The soon-to-be victim gains a criminal’s attention. This criminal sometimes poses as a teenager when in fact they are usually much older. The new-found friend hands out many compliments and flirts with their victim, appearing to be wholesome, sweet and nice. They can provide attention morning, evening and night in real-time from anywhere in the world. The relationship starts with simple greetings, check-ins and then can escalate to telling each other they missed one another and flirting. Everyone wants attention; it feels good. If a teenager is proactive and objects to the conversations and seduction, a predator drums up the cultural construct that girls cannot be rude or mean but rather must be nice, polite and obedient. Not everyone falls for this trap. A teenager is told to stay away from the sites, but most kids cannot control themselves and cannot stop. To make things worse, most teenagers are tech-savvy and are excellent at skirting around any parental controls. 

Sextortion – The new type of criminal is everywhere. The blackmailers, extortionists or sextortionists are usually adults preying on younger users, especially teenage girls. Often, offenders do not know how to deal with the stress of work and family. They progress from legal material to illegal Child Sexual Abuse Material (CSAM) through avenues such as pop-up advertisements. Predators often lack social connections, resulting in them using the computer for comfort and making faux connections. The CSAM provides an escape from their pain, allowing them to enter a sick fantasy world in which they fail to connect the images to reality and see their behaviour as a victimless crime. Social accountability is absent, as the predator is habitually not talking about their behaviour to anyone. So, the criminal has only their own internal point of view on their behaviour. Besides, many feel they are just watching the CSAM and not making the material. 

Most recently, young boys and college-aged men are increasingly becoming targets of sextortion. More often they are contacted on social media by someone appearing to be an attractive female, the male sends explicit pictures of himself and now becomes a target for extortion. On March 25, 2022, Jordan DeMay a 17-year old high school student from Michigan committed suicide as a result of blackmail. He had sent sexual images of himself to what he believed to be a young woman. Scammers demanded money from him and after threatening to send images of Jordan to his family and friends, he told the fraudsters: “You win, I’m going to kill myself.

Once one sexually explicit photo is captured, the criminal potentially uses extortion and threats to get more material or demand money. A threat to send private explicit material to all of the teenager’s contacts or friends, can be seen as life-altering. The criminal can hack the victim’s various accounts and emails. They may use other tactics to get to private files if the target is uncooperative. 
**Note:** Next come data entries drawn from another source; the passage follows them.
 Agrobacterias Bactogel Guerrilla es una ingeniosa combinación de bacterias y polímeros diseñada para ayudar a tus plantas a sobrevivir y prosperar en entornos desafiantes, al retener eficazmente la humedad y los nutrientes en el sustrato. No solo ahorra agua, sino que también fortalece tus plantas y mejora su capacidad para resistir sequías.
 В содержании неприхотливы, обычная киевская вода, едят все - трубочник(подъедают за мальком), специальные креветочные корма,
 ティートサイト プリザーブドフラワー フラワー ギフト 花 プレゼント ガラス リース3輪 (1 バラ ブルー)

Child Sex Abuse Material (CSAM) – Offenders who create, distribute and watch CSAM act under the belief they will not get caught and that non offending caregivers and parents of the victims will never know or see what is happening to their children. The victim may appear cooperative, if only for a split second. If this is the case, it often means the victim is tricked or coaxed into performing an incidental inappropriate act captured in photos or on video. CSAM can be created when the victim is unaware of the recording, for instance, a child is changing, and a babysitter cunningly captures the moment on video or in photos. Other times, a criminal takes over a device’s camera with malware then works diligently behind the scenes to capture incidental sexual material. The victim is completely unaware, or they are too young and do not understand the situation.  
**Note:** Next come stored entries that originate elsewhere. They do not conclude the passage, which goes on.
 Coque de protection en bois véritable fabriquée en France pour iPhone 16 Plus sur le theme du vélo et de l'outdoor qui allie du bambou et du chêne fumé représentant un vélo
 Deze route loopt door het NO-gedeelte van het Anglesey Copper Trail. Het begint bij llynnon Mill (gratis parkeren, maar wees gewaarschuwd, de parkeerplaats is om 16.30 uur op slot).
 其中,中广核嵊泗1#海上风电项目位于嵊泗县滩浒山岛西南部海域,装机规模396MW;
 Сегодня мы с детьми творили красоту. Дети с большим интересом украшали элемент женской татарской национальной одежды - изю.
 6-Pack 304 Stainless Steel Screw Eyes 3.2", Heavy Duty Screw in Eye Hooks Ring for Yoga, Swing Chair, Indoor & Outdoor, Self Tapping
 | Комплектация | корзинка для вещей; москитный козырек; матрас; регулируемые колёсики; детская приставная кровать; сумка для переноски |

In communities around the globe, survivors of CSAM and extortion live with the debilitating fear that the photos and/or videos memorializing their sexual incident shared on the Internet will remain online forever for anyone to see. Many of these children are once more victimized as their images are shared again and again, often well into adulthood, even decades later. They constantly worry someone who has seen their images will recognize them in public. 

If the photos or video are permanently online the distribution of material is never-ending. The reality is that the platforms individuals use daily to connect and share information, including social media, online gaming, apps and email, are continuously being used to spread and collect CSAM. It can be found in any online realm on many devices.

A glimmer of hope is offered to the problem that once an image is out there, you cannot get it back because technological tools have been developed to assist companies in detecting inappropriate material on their servers so they can immediately remove it. Several organizations actively scour the Internet for these images and notify online platforms so they can be promptly removed. Regrettably, the efforts make little to no difference. Memorializing and distributing the incident through images and videos creates additional layers of victimization and trauma.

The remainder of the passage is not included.